Last Updated on June 11, 2021 by Oddmund Groette
Warren Buffett’s investment track record is second to none. Not only has he managed to invest successfully, but his patience has made him compound decade after decade.
We can argue Buffet’s skill is investing, but his hidden gem is his patience. 95% of his wealth came after his 65th birthday!
A big part of his success derives from the investing framework that makes him look at each investment as buying a slice of a business. This way, he is not distracted by the daily swings in the stock market. He’s confident his stock pickings will do fine over the long term. It makes him sleep well at night and let the compounding do the job.
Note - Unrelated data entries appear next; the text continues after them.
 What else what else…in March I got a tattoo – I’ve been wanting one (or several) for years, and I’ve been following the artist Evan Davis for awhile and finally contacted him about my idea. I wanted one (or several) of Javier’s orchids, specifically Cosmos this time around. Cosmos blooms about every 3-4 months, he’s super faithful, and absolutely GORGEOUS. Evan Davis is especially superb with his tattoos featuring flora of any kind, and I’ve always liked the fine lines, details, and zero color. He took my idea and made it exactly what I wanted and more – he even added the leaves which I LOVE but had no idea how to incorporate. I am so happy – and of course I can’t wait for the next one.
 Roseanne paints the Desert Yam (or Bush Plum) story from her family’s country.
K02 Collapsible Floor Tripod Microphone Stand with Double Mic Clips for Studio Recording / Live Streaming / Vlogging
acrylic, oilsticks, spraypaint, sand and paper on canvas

In Snowball, By Alice Schroeder, the only authorized biography of Warren Buffett, I found a passage that further elaborates on the main framework that sets the guidelines for all his investments. It’s not rocket science, but worthwhile having in the back of your head at all times. On page 133 the author lists the three main investing principles Buffett learned from Benjamin Graham’s lectures:
Buffet’s three main investing tips:
- A stock is the right to own a little piece of a business. A stock is worth a certain fraction of what you would be willing to pay for the whole business.
- Use a margin of safety. Investing is built on estimates and uncertainty. A wide margin of safety ensures that the effects of good decisions are not wiped out by errors. The way to advance, above all, is by not retreating.
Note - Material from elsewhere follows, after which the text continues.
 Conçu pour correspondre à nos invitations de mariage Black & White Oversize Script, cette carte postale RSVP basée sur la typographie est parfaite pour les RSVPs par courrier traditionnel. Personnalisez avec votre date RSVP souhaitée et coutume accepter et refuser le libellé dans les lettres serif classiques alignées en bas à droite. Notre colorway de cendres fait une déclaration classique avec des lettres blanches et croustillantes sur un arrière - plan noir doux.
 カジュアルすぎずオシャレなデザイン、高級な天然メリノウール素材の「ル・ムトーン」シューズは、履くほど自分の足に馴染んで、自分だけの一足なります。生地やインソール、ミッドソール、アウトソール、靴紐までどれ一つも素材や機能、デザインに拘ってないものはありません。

- Mr. Market is your servant, not your master. Graham postulated a moody character called Mr. Market, who offers to buy and sell stocks every day, often at prices that don’t make sense. Mr. Market’s moods should not influence your view of price. However, from time to time he does offer the chance to buy low and sell high.
Buffett regarded number two s the most important: always have a margin of safety. The intrinsic value he could estimate with reasonable accuracy, but the margin of safety made him sleep well at night.